Mr. Gray understandably perceived this message as a threat. He responded with a text: “I no longer represent you. Find another attorney.”
Then
On September 18, 2019, the Shelby County Circuit Court dismissed the tort action against the estate of Mr. Farmer. The court’s order explained that the original complaint was filed against a non-entity and the amended complaint was never served on anyone. Thus, the statute of limitations barred Mr. McMickens’s claim. The Court of Appeals affirmed that decision. McMickens v. Perryman ex rel. Est. of Farmer, No. W2022-00445COA-R3-CV, 2023 WL 3736436 (Tenn. Ct. App. May 31, 2023).
While the motion to withdraw was still pending, Mr. McMickens retained new counsel and filed a legal malpractice action against Mr. Gray. The motion to withdraw was finally granted on January 24, 2022, nearly three years after Mr. Gray told Mr. McMickens that he no longer represented him.
The court sustained findings of rule violations
Here, the six-month suspension is an appropriate sanction given the seriousness of Mr. Gray’s misconduct. The first part of the sanction is a two-month active suspension, during which Mr. Gray will not be allowed to practice law in Tennessee and must satisfy additional continuing legal education requirements. The second part is a four-month probationary period, during which he must meet regularly with a practice monitor.

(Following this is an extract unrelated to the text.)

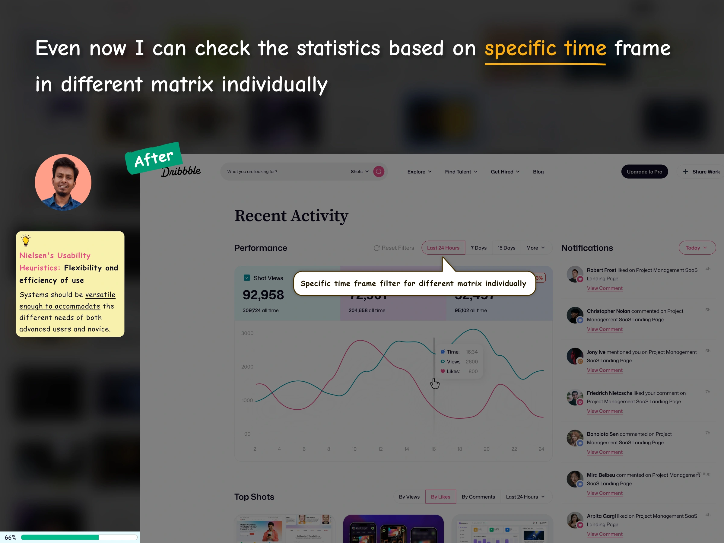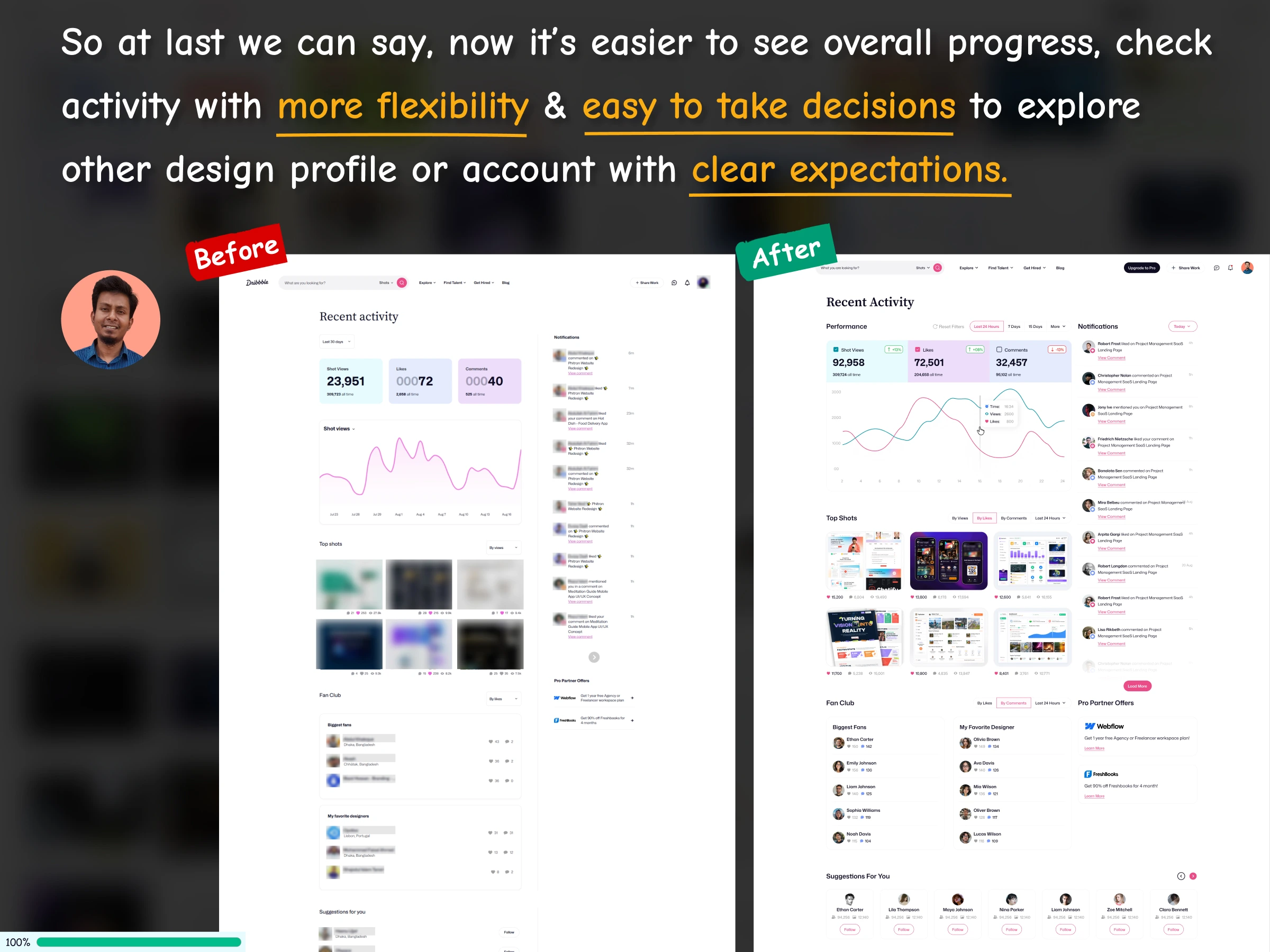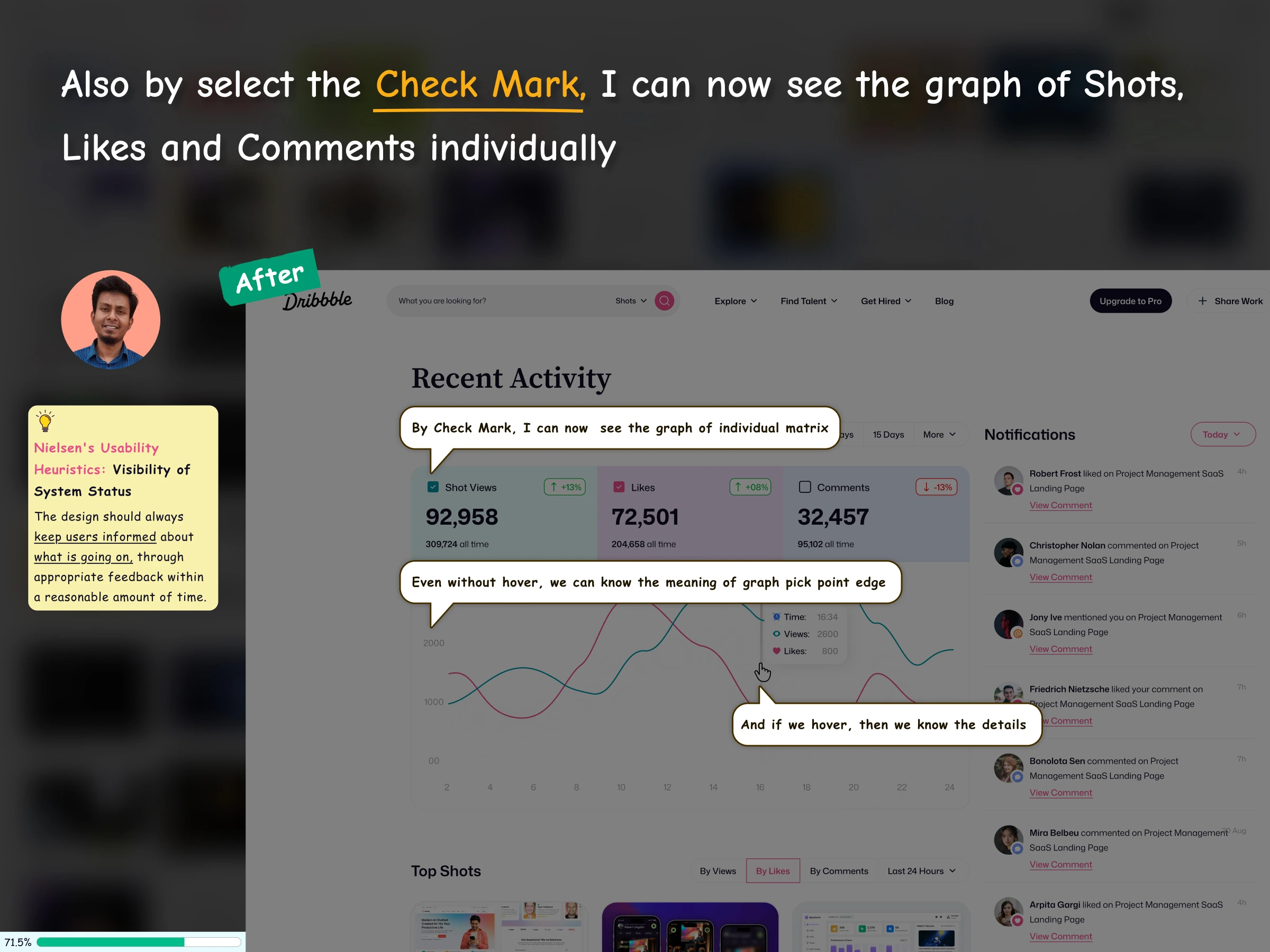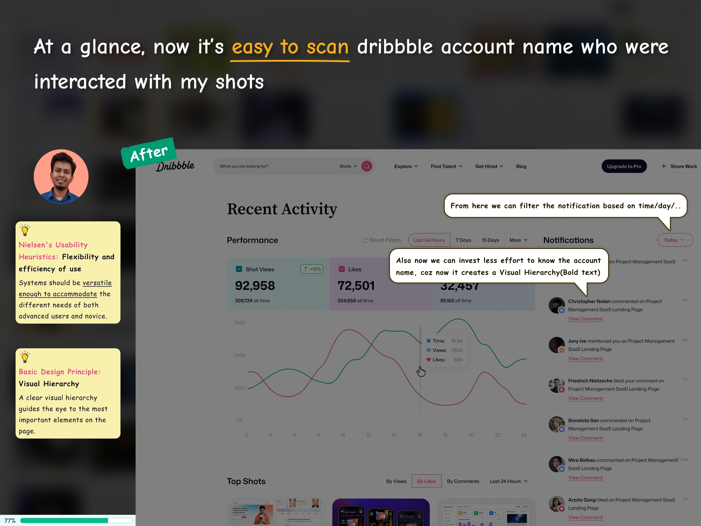 I've done this UX Improvement of Dribbble Recent Activity Page with some UX Laws and 10 Usability Heuristics for User Interface Design of Jackob Neilson.

Too short a period of active suspension will not go far enough to deter attorney misconduct, while too long of one can become the practical equivalent of disbarment. See Stephen G. Bené, Note, Why Not Fine Attorneys?: An Economic Approach to Lawyer Disciplinary Sanctions, 43 Stan. L. Rev. 907, 929 (1991) (“As far as the attorney is concerned, any suspension over a year or two in length may be the same to him as outright disbarment, since he will have to find another occupation to support himself.”). In this case, the period of active suspension falls comfortably between those two extremes. This strikes the balance necessary to deter other lawyers from engaging in a similar pattern of misconduct.
Conclusion
For the reasons discussed, we hold that the hearing panel’s conclusions that Mr. Gray violated Tennessee Rules of Professional Conduct 1.3, 1.4, 1.15(d) and (e), 1.16, 4.1(a), and 8.4(c) are supported by substantial and material evidence, are neither arbitrary nor capricious, and are not an abuse of discretion. Although the hearing panel’s reliance on ABA Standard 6.12 was improper, its other determinations related to Mr. Gray’s punishment—including the recommended sanction—are supported by substantial and material evidence and are not arbitrary or capricious or an abuse of discretion. We therefore affirm the judgments of the hearing panel and the trial court. The costs of this appeal are taxed to Mr. Gray, for which execution may issue if necessary.